Learning Towards Failure Prediction of High Performance Computing Clusters by Employing LSTM
Kamaljit Kaur1, Kuljit Kaur2

1Kamaljit Kaur, Department of Computer Engineering & Technology, Guru Nanak Dev University, Amritsar, Punjab, India.
2Kuljit Kaur, Department of Computer Science, Guru Nanak Dev University, Amritsar, Punjab, India.
Manuscript received on July 20, 2019. | Revised Manuscript received on August 10, 2019. | Manuscript published on August 30, 2019. | PP: 1829-1838| Volume-8 Issue-6, August 2019. | Retrieval Number: F7885088619/2019©BEIESP| DOI: 10.35940/ijeat.F7885.088619
Open Access | Ethics and Policies | Cite | Mendeley
© The Authors. Blue Eyes Intelligence Engineering and Sciences Publication (BEIESP). This is an open access article under the CC BY-NC-ND license (http://creativecommons.org/licenses/by-nc-nd/4.0/)

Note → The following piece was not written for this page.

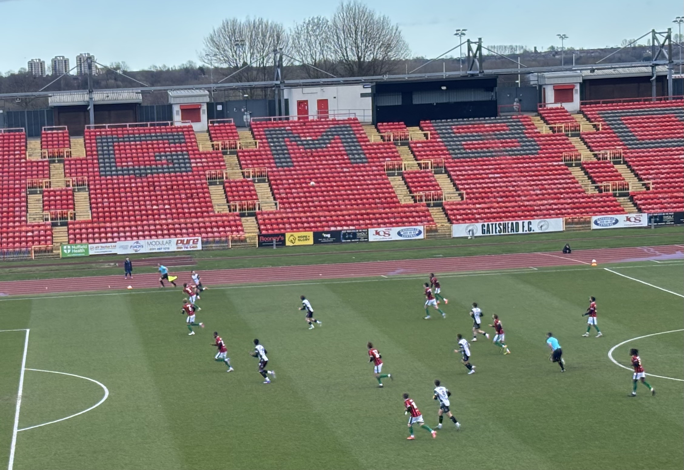 Within the first three minutes, Gateshead were forced in to a change when Levi Amantchi limped off to be replaced by Ashley Boatswain.
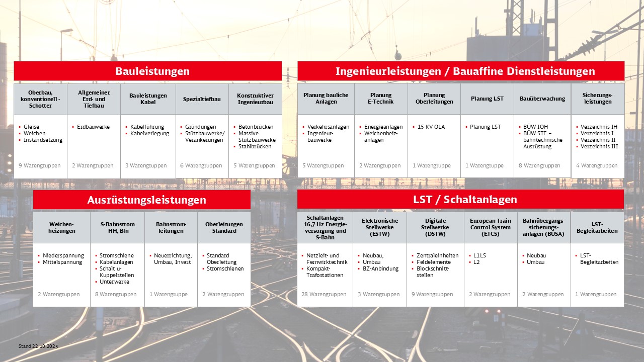 Im Bereich Beschaffung Infrastruktur erfolgt in bestimmten Warengruppen die Eignungsprüfung der Lieferanten/Bieter bereits vor der Vergabe. Ein solches „Präqualifikationsverfahren PQ-Bahn“ ist somit Zugangsvoraussetzung für die Teilnahme an vielen unserer Vergaben.

Abstract: This Failure prediction of high-performance computing clusters (HPCC) is a crucial issue and a hot problem for many years. Previous works have failed to provide a robust method for real-time failure prediction of HPCC. The available techniques are old, unrealistic and provide low accuracy. This paper presents an efficient technique which provides robust failure prediction with good accuracy and state of the art models. We have employed the concept of long short-term memory (LSTM) with reinforcement learning to correct the prediction accuracy in real-time and provide a solution to the industry with reliable results.
Keywords: LSTM, Rainbow, HPCCs, failure prediction.